__Work order__. In the data below, set down exactly the lines from the one containing "Спекуляции, подогреваемые заявкой" up to and including the one containing "According to the". Leave the pictures out.

__Supplied data__.

-*-

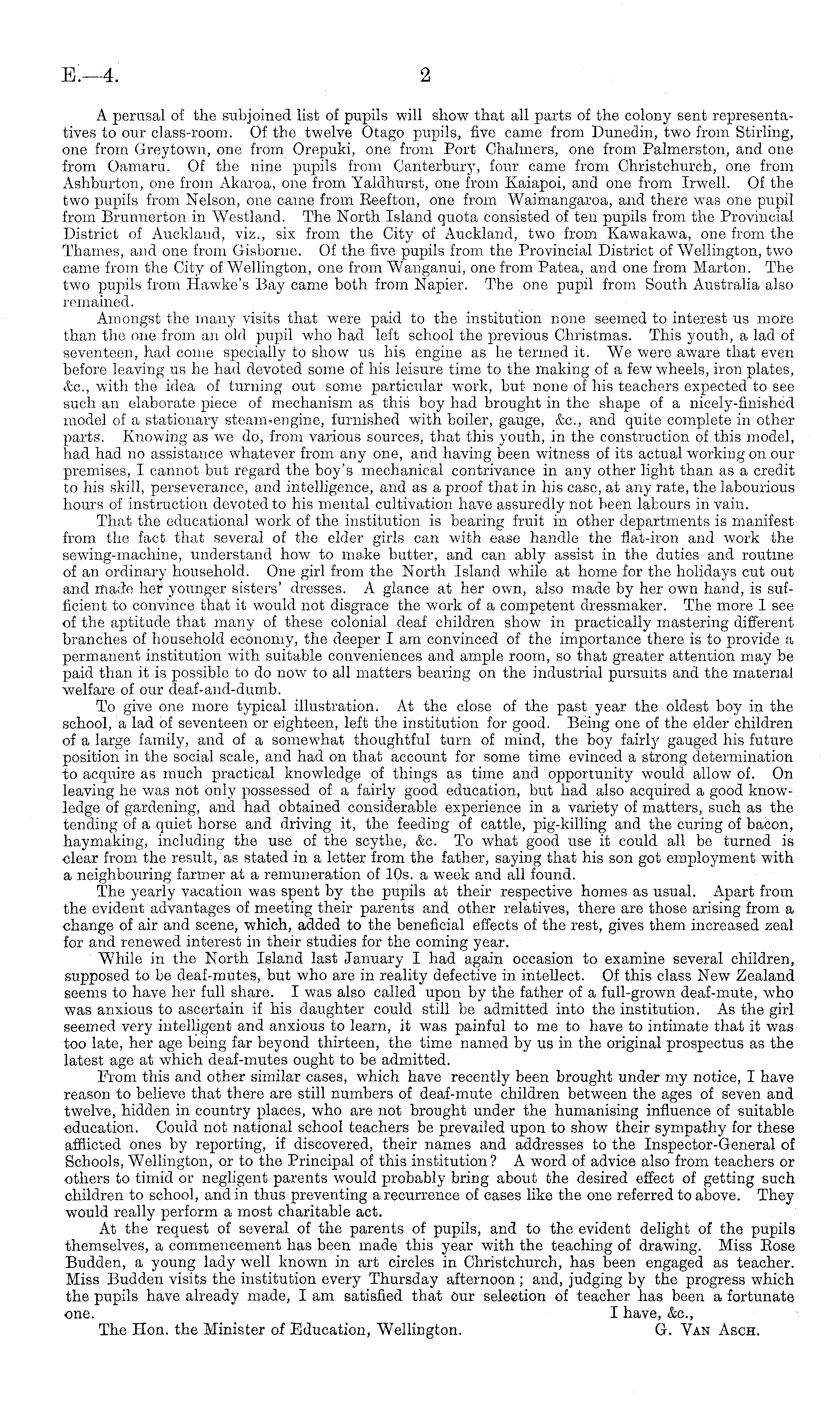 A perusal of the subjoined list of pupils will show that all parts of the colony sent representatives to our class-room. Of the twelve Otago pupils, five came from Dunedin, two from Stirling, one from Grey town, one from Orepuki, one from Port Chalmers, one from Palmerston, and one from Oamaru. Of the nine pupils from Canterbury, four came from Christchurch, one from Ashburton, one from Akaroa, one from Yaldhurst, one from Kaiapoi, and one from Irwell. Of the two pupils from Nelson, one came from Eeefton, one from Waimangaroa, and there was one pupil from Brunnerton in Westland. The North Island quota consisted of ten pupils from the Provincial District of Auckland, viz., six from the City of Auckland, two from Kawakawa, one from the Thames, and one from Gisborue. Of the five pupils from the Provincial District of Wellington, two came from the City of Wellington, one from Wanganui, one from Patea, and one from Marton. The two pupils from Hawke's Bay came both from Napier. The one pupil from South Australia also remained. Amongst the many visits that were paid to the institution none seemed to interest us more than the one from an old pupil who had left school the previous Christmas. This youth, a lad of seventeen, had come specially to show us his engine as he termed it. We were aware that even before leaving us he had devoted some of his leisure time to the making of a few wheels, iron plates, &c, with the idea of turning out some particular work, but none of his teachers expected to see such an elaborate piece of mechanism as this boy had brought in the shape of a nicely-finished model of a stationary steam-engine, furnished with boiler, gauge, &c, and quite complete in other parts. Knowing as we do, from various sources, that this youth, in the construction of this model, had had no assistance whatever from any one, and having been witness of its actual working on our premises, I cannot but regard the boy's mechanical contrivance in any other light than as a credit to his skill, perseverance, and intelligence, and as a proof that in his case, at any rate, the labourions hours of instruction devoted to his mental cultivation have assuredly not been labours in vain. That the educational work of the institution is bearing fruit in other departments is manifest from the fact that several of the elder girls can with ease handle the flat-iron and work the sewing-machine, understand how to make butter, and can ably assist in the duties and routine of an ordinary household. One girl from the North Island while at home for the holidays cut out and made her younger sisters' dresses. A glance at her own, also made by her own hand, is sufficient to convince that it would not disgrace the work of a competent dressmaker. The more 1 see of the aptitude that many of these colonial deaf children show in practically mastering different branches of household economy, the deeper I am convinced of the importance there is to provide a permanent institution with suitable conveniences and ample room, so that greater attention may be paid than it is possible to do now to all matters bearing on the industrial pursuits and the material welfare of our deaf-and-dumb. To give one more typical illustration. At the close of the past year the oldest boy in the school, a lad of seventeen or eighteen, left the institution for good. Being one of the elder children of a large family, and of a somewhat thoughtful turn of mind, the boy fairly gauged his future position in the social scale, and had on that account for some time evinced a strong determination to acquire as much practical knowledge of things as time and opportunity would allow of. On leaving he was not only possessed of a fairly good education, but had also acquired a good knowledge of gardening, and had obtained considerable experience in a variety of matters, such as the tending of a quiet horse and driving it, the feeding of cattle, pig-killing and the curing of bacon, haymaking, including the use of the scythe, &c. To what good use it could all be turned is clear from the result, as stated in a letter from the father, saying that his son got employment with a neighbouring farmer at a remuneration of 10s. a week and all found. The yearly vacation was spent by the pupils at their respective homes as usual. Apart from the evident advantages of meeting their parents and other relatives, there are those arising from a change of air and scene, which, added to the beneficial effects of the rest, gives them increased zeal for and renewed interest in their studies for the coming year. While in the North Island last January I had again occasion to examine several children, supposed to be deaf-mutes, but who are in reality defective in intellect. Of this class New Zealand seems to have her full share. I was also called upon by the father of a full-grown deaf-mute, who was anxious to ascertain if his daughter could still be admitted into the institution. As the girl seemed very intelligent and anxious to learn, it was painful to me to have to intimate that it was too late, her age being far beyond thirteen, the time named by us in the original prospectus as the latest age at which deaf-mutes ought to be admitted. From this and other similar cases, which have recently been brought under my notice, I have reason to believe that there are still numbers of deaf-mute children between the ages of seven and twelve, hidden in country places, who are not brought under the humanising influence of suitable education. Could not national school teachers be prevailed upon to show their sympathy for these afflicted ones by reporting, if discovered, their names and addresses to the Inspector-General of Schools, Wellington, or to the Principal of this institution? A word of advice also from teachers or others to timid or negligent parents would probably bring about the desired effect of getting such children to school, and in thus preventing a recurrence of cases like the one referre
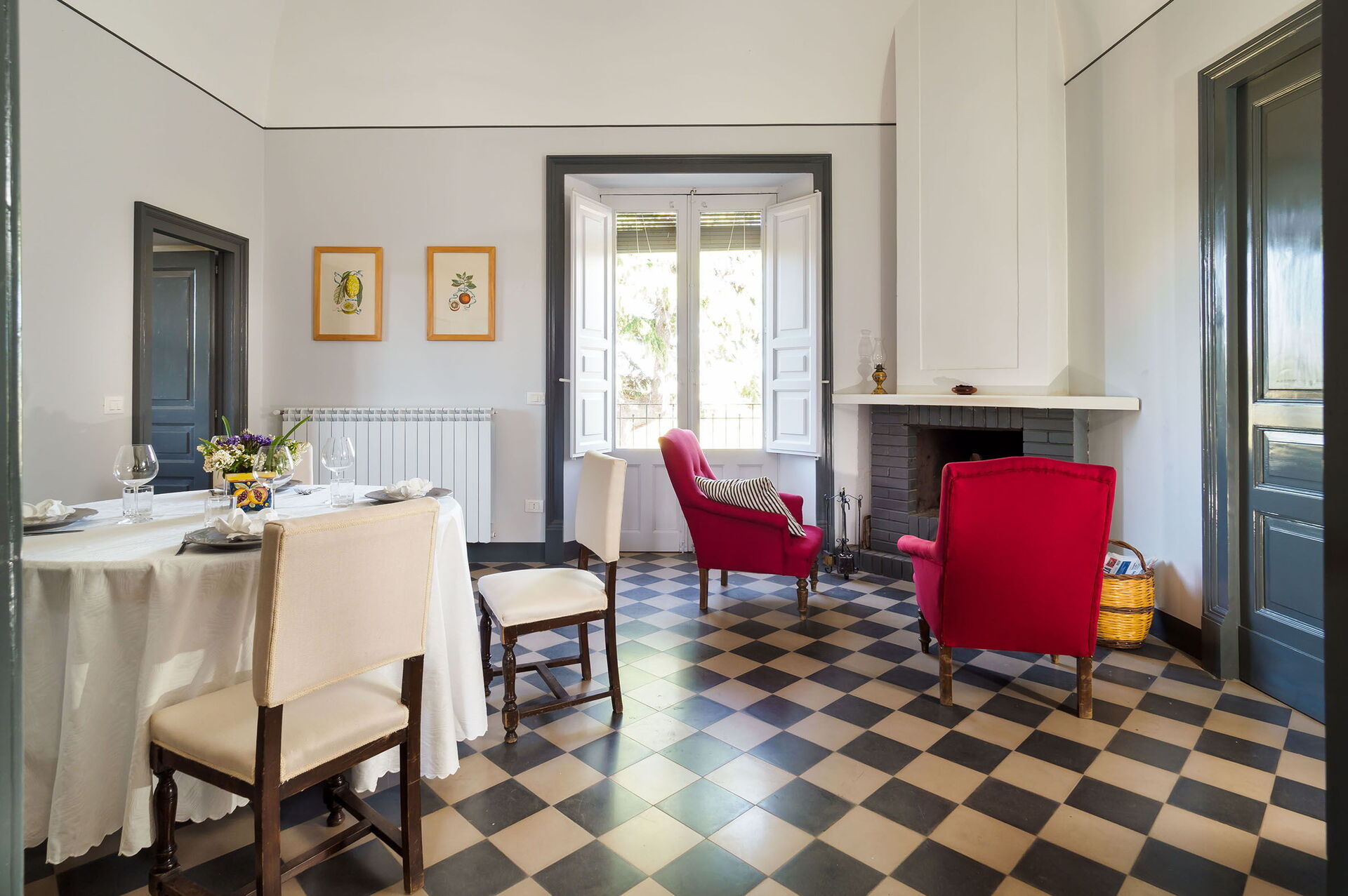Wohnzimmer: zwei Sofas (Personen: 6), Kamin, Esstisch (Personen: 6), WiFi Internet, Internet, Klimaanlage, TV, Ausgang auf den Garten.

-*-

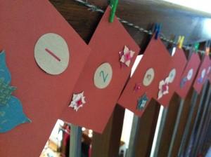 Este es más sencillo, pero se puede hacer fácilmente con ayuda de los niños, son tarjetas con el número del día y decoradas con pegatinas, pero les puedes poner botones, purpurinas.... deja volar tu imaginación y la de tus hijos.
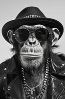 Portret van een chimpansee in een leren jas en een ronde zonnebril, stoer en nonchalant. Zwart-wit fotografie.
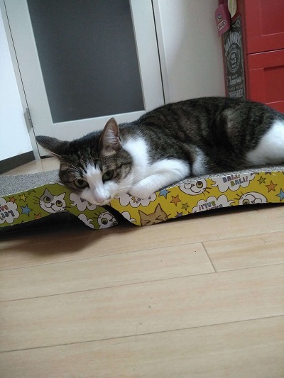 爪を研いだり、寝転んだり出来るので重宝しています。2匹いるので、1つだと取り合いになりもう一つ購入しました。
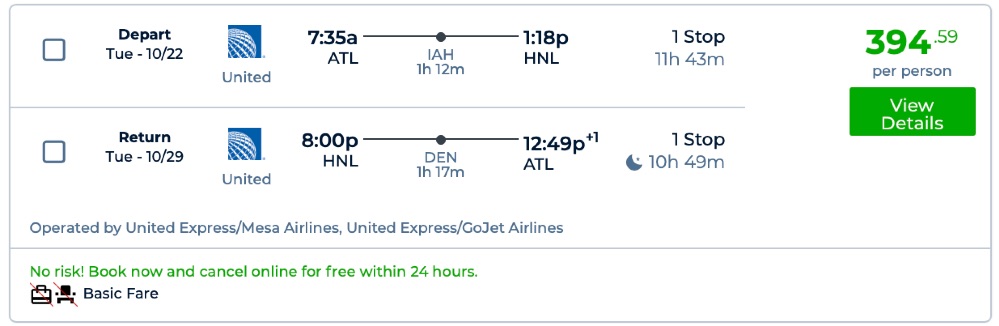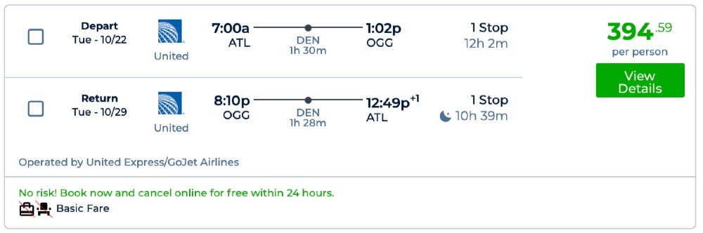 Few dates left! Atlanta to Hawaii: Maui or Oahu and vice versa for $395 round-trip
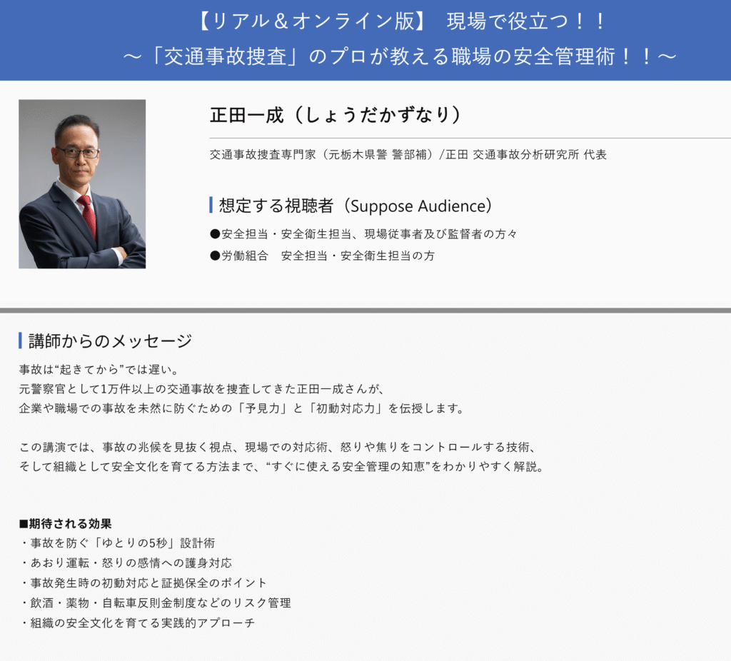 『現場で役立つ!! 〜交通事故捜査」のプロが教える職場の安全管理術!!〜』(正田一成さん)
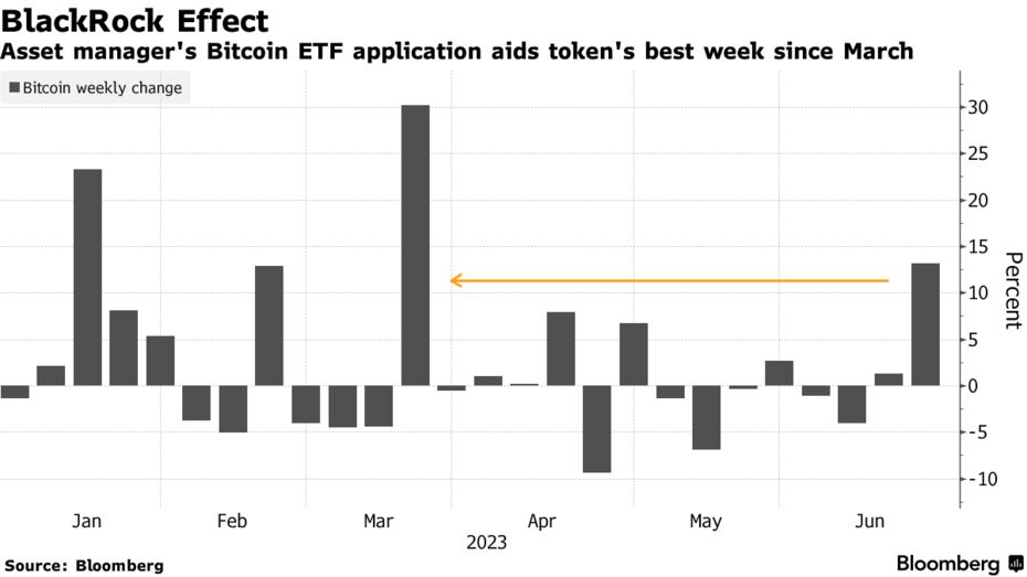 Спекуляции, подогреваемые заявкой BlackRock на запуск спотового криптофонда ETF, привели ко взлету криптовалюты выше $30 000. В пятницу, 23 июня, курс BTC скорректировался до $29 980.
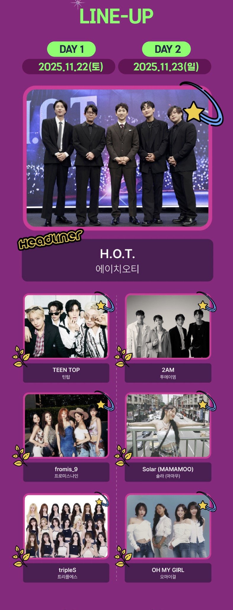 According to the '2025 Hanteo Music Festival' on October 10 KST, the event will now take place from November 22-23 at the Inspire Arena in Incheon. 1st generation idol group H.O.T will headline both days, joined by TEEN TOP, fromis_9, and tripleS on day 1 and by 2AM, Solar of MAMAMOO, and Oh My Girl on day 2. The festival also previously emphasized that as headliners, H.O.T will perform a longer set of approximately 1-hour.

-*-

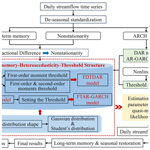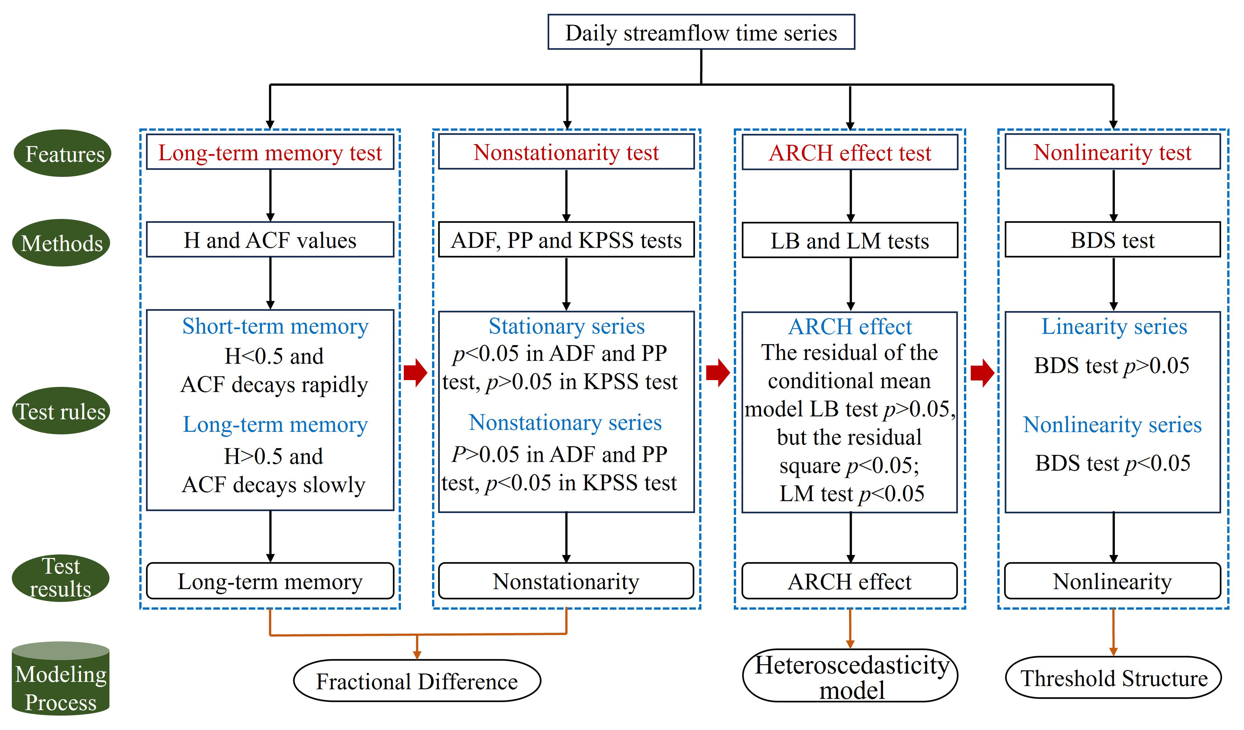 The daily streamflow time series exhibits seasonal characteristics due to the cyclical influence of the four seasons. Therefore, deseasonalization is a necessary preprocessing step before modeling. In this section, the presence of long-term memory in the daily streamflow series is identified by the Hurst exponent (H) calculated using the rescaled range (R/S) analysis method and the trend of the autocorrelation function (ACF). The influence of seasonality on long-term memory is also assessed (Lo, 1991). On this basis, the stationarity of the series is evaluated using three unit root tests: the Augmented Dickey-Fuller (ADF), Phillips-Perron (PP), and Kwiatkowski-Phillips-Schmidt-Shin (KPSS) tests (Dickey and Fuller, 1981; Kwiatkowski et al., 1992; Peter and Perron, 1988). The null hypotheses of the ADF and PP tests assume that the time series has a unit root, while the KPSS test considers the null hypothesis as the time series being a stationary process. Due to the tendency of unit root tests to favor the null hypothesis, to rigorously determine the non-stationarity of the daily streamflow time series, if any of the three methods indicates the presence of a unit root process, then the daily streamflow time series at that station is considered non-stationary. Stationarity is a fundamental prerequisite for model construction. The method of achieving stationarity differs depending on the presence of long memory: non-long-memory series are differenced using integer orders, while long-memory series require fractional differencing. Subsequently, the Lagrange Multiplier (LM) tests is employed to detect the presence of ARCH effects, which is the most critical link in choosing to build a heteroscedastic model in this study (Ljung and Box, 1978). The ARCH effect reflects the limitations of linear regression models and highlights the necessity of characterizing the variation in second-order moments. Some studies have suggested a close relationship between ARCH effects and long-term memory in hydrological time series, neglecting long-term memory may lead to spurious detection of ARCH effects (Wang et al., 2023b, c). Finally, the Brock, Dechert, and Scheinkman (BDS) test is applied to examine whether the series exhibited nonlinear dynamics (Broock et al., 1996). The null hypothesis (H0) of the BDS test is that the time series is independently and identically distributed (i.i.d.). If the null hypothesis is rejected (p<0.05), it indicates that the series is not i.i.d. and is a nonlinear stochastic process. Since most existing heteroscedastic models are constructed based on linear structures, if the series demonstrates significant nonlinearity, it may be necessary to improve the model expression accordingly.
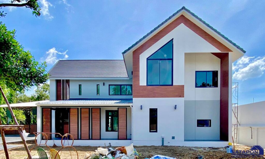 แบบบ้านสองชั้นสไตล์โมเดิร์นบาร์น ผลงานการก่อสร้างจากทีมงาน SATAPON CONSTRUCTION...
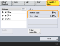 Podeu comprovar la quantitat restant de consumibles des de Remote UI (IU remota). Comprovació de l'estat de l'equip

-*-

__Task output__.
 Спекуляции, подогреваемые заявкой BlackRock на запуск спотового криптофонда ETF, привели ко взлету криптовалюты выше $30 000. В пятницу, 23 июня, курс BTC скорректировался до $29 980.
 According to the '2025 Hanteo Music Festival' on October 10 KST, the event will now take place from November 22-23 at the Inspire Arena in Incheon. 1st generation idol group H.O.T will headline both days, joined by TEEN TOP, fromis_9, and tripleS on day 1 and by 2AM, Solar of MAMAMOO, and Oh My Girl on day 2. The festival also previously emphasized that as headliners, H.O.T will perform a longer set of approximately 1-hour.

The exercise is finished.